Private databases key to individual registration move
Private databases would be used to plug holes in controversial changes to voting registration, the government said last week. Ministers revealed they were ready to turn to databases held by private firms if "data-matching" by local councils - to government databases only - falls short.
Labour sharply criticised the shift to individual voter registration - with the potential for millions to drop off lists - before the results of data-matching were known.
The Electoral Registration and Administration Bill, which had its second reading in the Commons last week, will seek to combat fraud by scrapping the tradition of the head of a household filling in the details of all adults living in a property.
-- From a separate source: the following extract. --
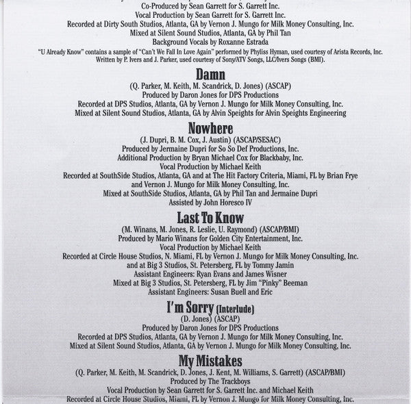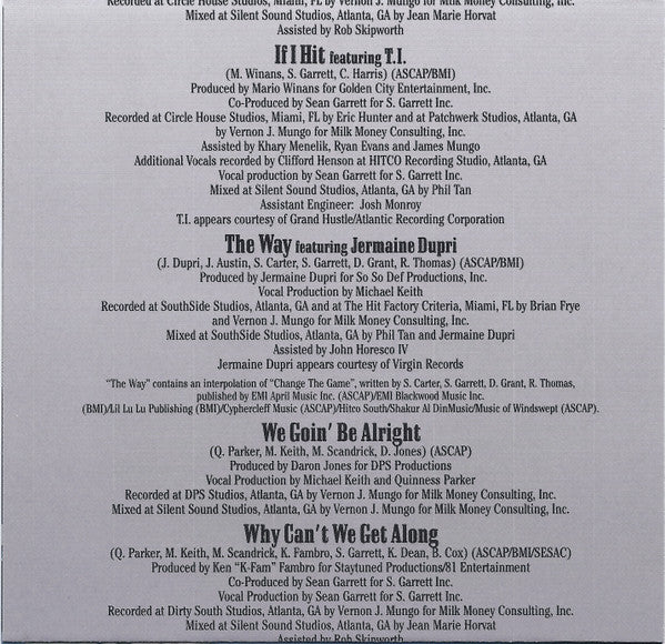 Track 4 contains a sample of "Can't We Fall In Love Again" performed by Phyliss Hyman, used courtesy of Arista Records, Inc. Written by P. Ivers and J. Parker, used courtesy of Sony/ATV Songs, LLC/Ivers Songs (BMI). Track 11 contains an interpolation of "Change the Game", written by S. Carter, S. Garrett, D. Grant, R. Thomas, published by EMI April Music Inc. (ASCAP)/EMI Blackwood Music Inc.(BMI)/Lil Lu Lu Publishing(BMI)/Cyphercleff Music(ASCAP)/Hitco South/Shakur Al DinMusic/Music of Windswept(ASCAP) Track 14 contains a sample of "That Sweet Woman of Mine" as performed by Leon Haywood. ℗ 1974 The Island Def Jam Music Group. Courtesy of The island Def Jam Music Group under license from Universal Music Enterprises. Written by L. Haywood, M. McQueen, Jr. and W. Williams, Jr. Used courtesy of Universal Music Publishing (BMI) Tracks 1, 5, 8, 12, 16 Recorded at DPS Studios, Atlanta, GA; Mixed at Silent Sound Studios, Atlanta, GA Track 2 Recorded at DPS Studios, Atlanta, GA; Mixed at Titanium Studios, Atlanta, GA Track 3 Edits & Music Tracking Recorded at Ghettopop Music Studios, Dallas, TX; Vocals Recorded at Dirty South Studios, Atlanta, GA; Additional Vocals Recorded at Audio Dallas Recording Studios, Garland, TX; Mixed at Patchwerk Studios, Atlanta, GA Tracks 4, 13, 17 Recorded at Dirty South Studios, Atlanta, GA; Mixed at Silent Sound Studios, Atlanta, GA Track 6 Recorded at SouthSide Studios, Atlanta, GA; The Hit Factory Criteria, Miami, FL; Mixed at SouthSide Studios, Atlanta, GA Track 7 Recorded at Circle House Studios, N. Miami, FL; Big 3 Studios, St. Petersberg, FL; Mixed at Big 3 Studios, St. Peterberg, FL Track 9 Recorded at Circle House Studios, Miami, FL; Mixed at Silent Sound Studios, Atlanta, GA Track 10 Recorded at Circle House Studios, Miami, FL; Patchwerk Studios, Atlanta, GA; Additional Vocals Recorded at HITCO Recording Studio, Atlanta, GA; Mixed at Silent Sound Studios, Atlanta, GA Track 11 Recorded at SouthSide Studios, Atlanta, GA; The Hit Factory Criteria, Miami, FL; Mixed at Silent Sound Studios, Atlanta, GA Track 14 Recorded at Fever Recording Studios, North Hollywood, CA; Dirty South Studios, Atlanta, GA; Mixed at Larrabee North, North Hollywood, CA Track 15 Recorded and Mixed at Silent Sound Studios, Atlanta, GA ℗ 2005 The Island Def Jam Music Group © 2005 The Island Def Jam Music Group, a division of UMG Recordings, Inc. Made in the EU. T.I. appears courteys of Grand Hustle/Atlantic Recording Corporation Jermaine Dupri appears courtesy of Virgin Records Three 6 Mafia appears courtesy of Sony Music Entertainment, Inc.

The Cabinet Office has insisted data-matching trials have suggested about two thirds of electors can be verified by checks with department for work and pensions (DWP) data. The names of people will be carried forward on to the voting register "when there is no information to suggest that they are not eligible and they simply have not registered".
But Wayne David, Labour's constitutional reform spokesman, said the evaluation of the second round of data-matching trials would not be published until early 2013. He asked: "Why are the government hell-bent on introducing this radical change at breakneck speed?" Ministers were urged to pull "back from the brink".
Julie Elliott, a Sunderland Labour MP, said only about half the people in the city could be data-matched to DWP records. She told Mr Harper: "The accuracy of Department for Work and Pensions records is a problem. As an MP, I regularly get casework relating to that inaccuracy.
"Numbers are flagged to the wrong people. People are usually made aware that their national insurance records are flagged to the wrong person only when they apply for something like a maternity benefit."
In reply, Mark Harper, the constitutional reform minister, said data-matching would avoid the problems when individual registration was implemented in Northern Ireland.
During Commons debate on the bill, he said further data-matching trials, later this year, would tap into other government departments.
And he revealed: "We have had conversations with private sector agencies. One problem is that there is some circularity in the process, because one way in which they construct their databases is by using the electoral register.
"It is therefore arguable how much information we would learn from them. However, we have had conversations with them and we will continue to do so."
To encourage registration, people refusing to do so will be issued with a "parking-style" fine by local councils, of up to £130.